This Colorful New Font Is Made Entirely of Brand Logos

The typeface of choice for the late-stage capitalist

If you're completely, irrevocably head-over-heels for brands, we finally have just the typeface for you. 

Creatives at digital agency Hello Velocity have developed Brand New Roman, a font comprised of 76 corporate brand logos. The Idiocracy-style project is partly parody, but you can actually download the font and use it—and artists have already been playing around with it, too. 

Lukas Bentel, partner and creative director at Hello Velocity, tells Muse that the driving idea behind Brand New Roman was simple: "This stage of capitalism is pretty weird. Seems like a good time to spoof it!" 

The font is pretty overwhelming when all the original colors of the logos are used: 

"At this point, brands are inescapably ubiquitous and attention-hungry," says Bentel. "What's interesting about Brand New Roman is that when you smash so many of these brands together, they start to lose their powerful brand connotations in interesting ways. The sheer density overrides all the extra brand identity connotations each symbol usually carries." 

It's more palatable, and readable, in single colors. Below, check out a bunch of brand names written out in Brand New Roman—a kind of consumerist ouroboros in action. 

Building out the font was a time-intensive process, Bentel tells us. 

"The main work came in sourcing accurate, high-quality vector logos—in color, and black and white—for each of these brands. Some brands do a good job giving access to their logos and branding, but most don't," he says. 

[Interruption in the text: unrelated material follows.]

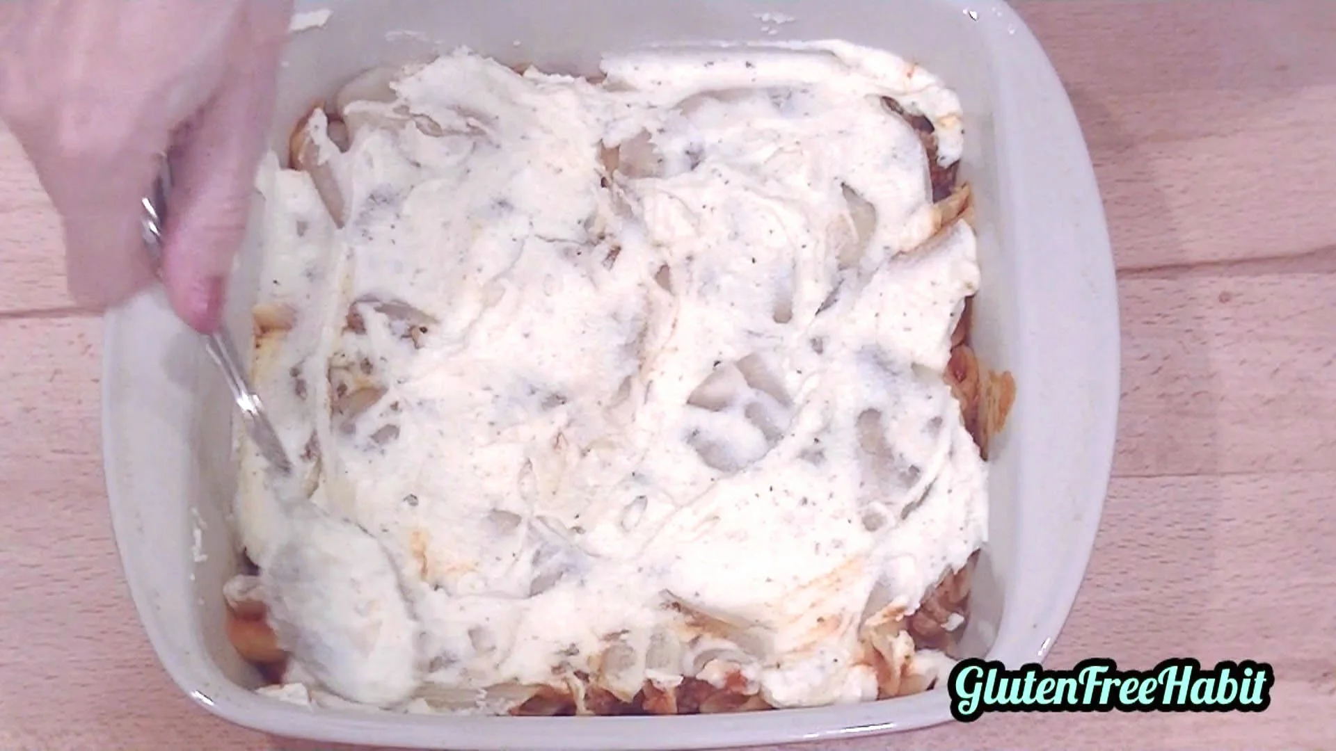 Assemble: Layer the bottom of your dish with 1/2 the pasta/sauce mixture.

The team gave themselves a few goals/constraints, says Bentel: 

1. Only use letters that are used as stand-alone branding elements. This meant we couldn't just extract a letter from a logo composed of multiple characters. 
2. Make the font as legible as possible—within reason, of course! We mixed and matched logos to find the set that worked best with each other and workshopped it with a couple of type designers along the way. 
3. Use the most recognizable current logos possible. 
4. Make awesome ligatures. Try typing "cool cooool coooool."

"We broke these rules a few times when it became almost impossible to satisfy each of them," Bentel admits. "For example, I challenge you to think of a company that uses the letter 'I' as a standalone legible logo. We searched far and wide and could not find any recognizable, legible logo! We opted to pull the 'I' from the classic IBM logo, breaking rule 1, and the 'i' from Lenovo's predecessor iomega, breaking rule 3." 

Bentel and the Hello Velocity team were thrilled with the results. 

"In the end, I think Brand New Roman is pretty aesthetically compelling, which makes sense given all the time, money and design that has gone into crafting each of these logos for the purposes of standing out," he says. "With Brand New Roman we are making them work together." 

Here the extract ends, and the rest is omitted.